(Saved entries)
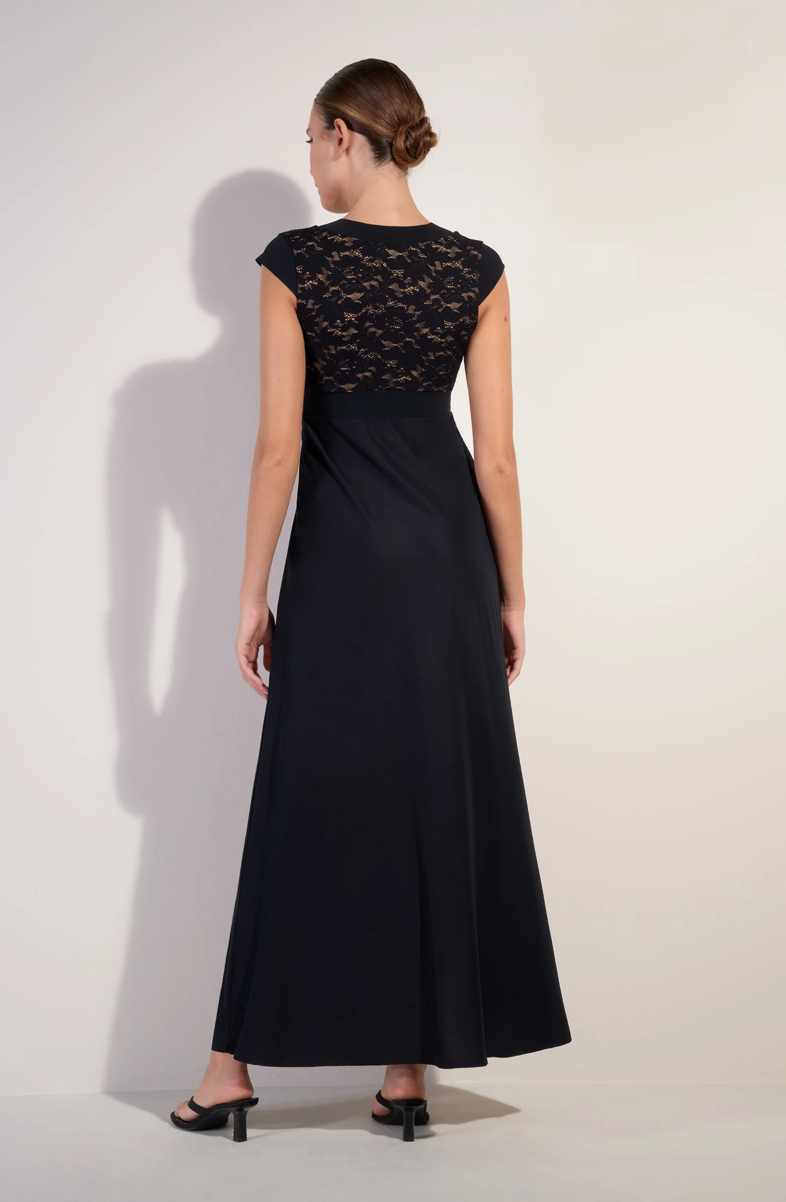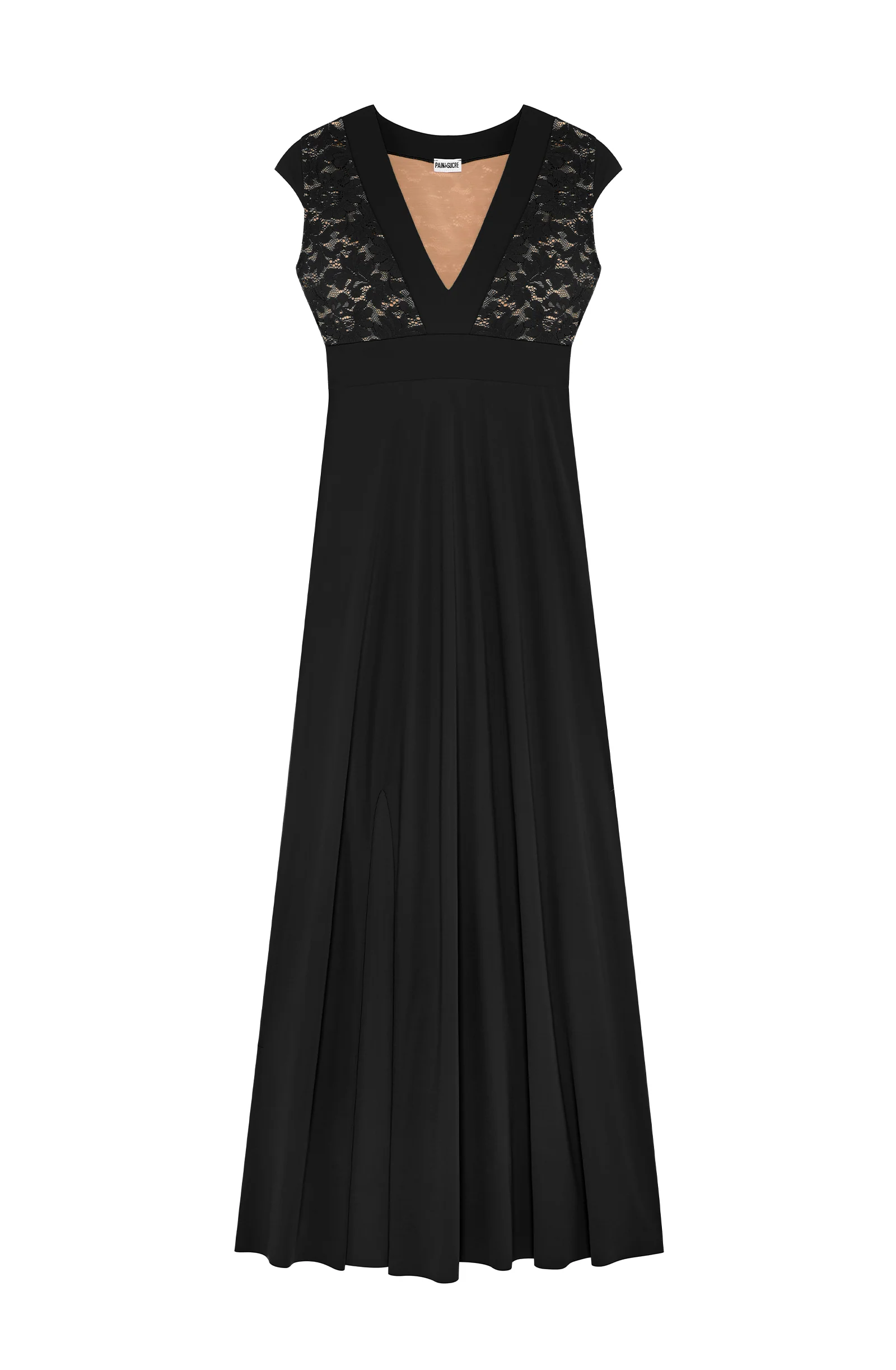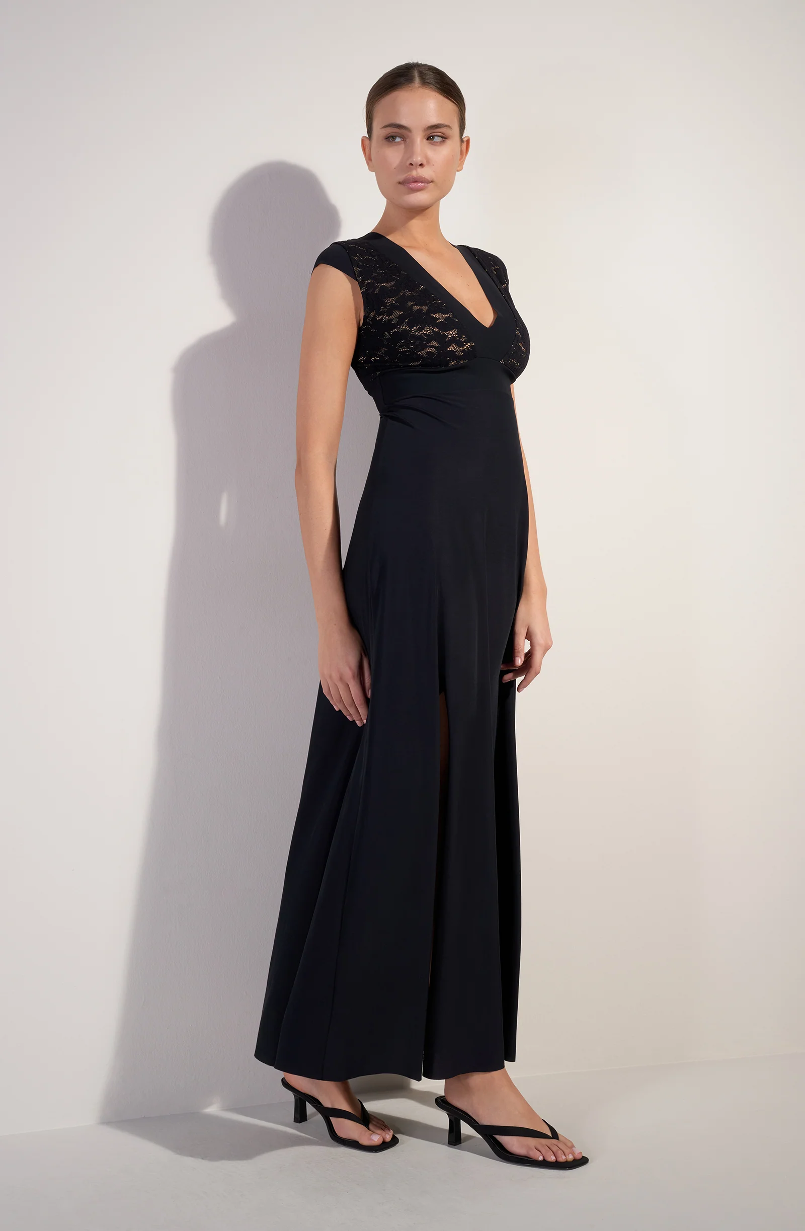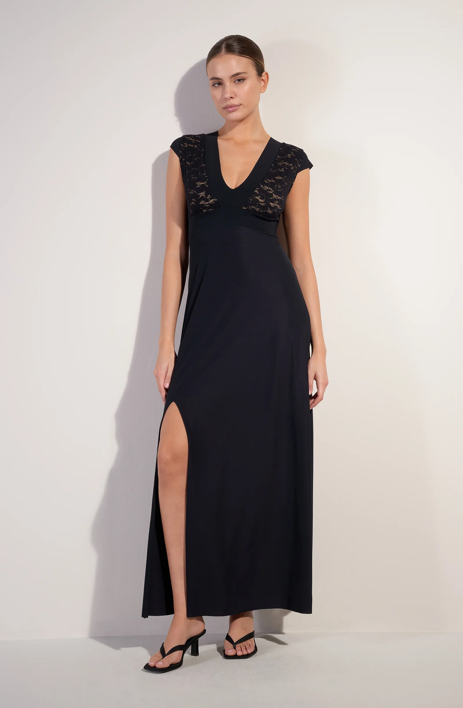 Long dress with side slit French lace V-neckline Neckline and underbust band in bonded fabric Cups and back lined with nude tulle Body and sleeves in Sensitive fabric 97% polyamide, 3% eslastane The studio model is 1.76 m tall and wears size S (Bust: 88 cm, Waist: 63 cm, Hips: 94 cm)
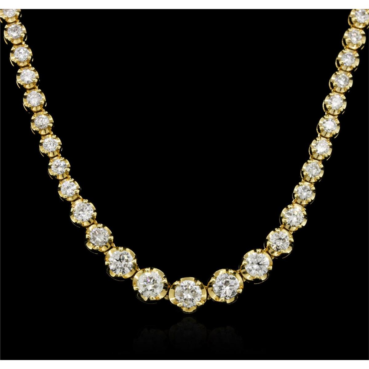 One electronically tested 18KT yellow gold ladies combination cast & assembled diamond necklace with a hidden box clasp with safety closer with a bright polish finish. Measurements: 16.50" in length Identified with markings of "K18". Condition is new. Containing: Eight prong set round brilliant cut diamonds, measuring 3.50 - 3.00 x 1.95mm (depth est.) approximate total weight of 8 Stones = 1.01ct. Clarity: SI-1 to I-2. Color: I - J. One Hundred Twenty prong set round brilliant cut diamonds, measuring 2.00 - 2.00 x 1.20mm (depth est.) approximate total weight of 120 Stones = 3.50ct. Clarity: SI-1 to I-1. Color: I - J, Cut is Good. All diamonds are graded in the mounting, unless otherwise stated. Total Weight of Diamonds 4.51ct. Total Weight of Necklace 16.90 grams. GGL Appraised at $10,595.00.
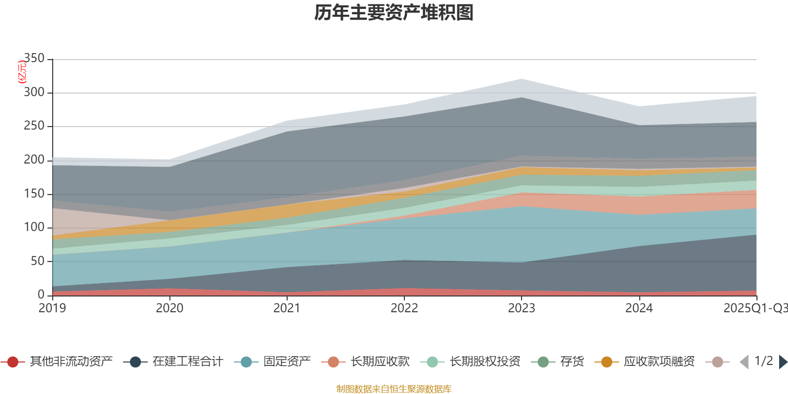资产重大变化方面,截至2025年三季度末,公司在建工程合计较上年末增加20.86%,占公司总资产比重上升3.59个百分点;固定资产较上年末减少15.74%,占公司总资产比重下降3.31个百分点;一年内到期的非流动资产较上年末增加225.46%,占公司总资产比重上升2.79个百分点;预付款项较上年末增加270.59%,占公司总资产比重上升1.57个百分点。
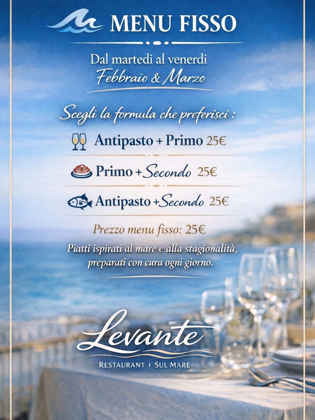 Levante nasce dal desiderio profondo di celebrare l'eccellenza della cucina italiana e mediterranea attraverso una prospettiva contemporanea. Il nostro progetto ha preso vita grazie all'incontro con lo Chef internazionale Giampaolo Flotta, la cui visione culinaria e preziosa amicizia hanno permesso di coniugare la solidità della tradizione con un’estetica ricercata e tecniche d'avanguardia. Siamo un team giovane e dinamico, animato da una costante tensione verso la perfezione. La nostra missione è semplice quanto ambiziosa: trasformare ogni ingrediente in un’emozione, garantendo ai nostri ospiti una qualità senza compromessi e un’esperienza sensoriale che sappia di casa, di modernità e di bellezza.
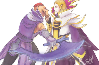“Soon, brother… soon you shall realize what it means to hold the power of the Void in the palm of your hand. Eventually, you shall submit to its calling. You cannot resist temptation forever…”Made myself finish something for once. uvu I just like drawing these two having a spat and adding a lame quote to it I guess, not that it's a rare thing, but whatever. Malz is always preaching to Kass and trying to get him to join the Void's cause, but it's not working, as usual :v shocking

Task description:
Your answer should be a precise transcript of the entries, minus the pictures.

Response to this task:
 Long dress with side slit French lace V-neckline Neckline and underbust band in bonded fabric Cups and back lined with nude tulle Body and sleeves in Sensitive fabric 97% polyamide, 3% eslastane The studio model is 1.76 m tall and wears size S (Bust: 88 cm, Waist: 63 cm, Hips: 94 cm)
 One electronically tested 18KT yellow gold ladies combination cast & assembled diamond necklace with a hidden box clasp with safety closer with a bright polish finish. Measurements: 16.50" in length Identified with markings of "K18". Condition is new. Containing: Eight prong set round brilliant cut diamonds, measuring 3.50 - 3.00 x 1.95mm (depth est.) approximate total weight of 8 Stones = 1.01ct. Clarity: SI-1 to I-2. Color: I - J. One Hundred Twenty prong set round brilliant cut diamonds, measuring 2.00 - 2.00 x 1.20mm (depth est.) approximate total weight of 120 Stones = 3.50ct. Clarity: SI-1 to I-1. Color: I - J, Cut is Good. All diamonds are graded in the mounting, unless otherwise stated. Total Weight of Diamonds 4.51ct. Total Weight of Necklace 16.90 grams. GGL Appraised at $10,595.00.
资产重大变化方面,截至2025年三季度末,公司在建工程合计较上年末增加20.86%,占公司总资产比重上升3.59个百分点;固定资产较上年末减少15.74%,占公司总资产比重下降3.31个百分点;一年内到期的非流动资产较上年末增加225.46%,占公司总资产比重上升2.79个百分点;预付款项较上年末增加270.59%,占公司总资产比重上升1.57个百分点。
 Levante nasce dal desiderio profondo di celebrare l'eccellenza della cucina italiana e mediterranea attraverso una prospettiva contemporanea. Il nostro progetto ha preso vita grazie all'incontro con lo Chef internazionale Giampaolo Flotta, la cui visione culinaria e preziosa amicizia hanno permesso di coniugare la solidità della tradizione con un’estetica ricercata e tecniche d'avanguardia. Siamo un team giovane e dinamico, animato da una costante tensione verso la perfezione. La nostra missione è semplice quanto ambiziosa: trasformare ogni ingrediente in un’emozione, garantendo ai nostri ospiti una qualità senza compromessi e un’esperienza sensoriale che sappia di casa, di modernità e di bellezza.
“Soon, brother… soon you shall realize what it means to hold the power of the Void in the palm of your hand. Eventually, you shall submit to its calling. You cannot resist temptation forever…”Made myself finish something for once. uvu I just like drawing these two having a spat and adding a lame quote to it I guess, not that it's a rare thing, but whatever. Malz is always preaching to Kass and trying to get him to join the Void's cause, but it's not working, as usual :v shocking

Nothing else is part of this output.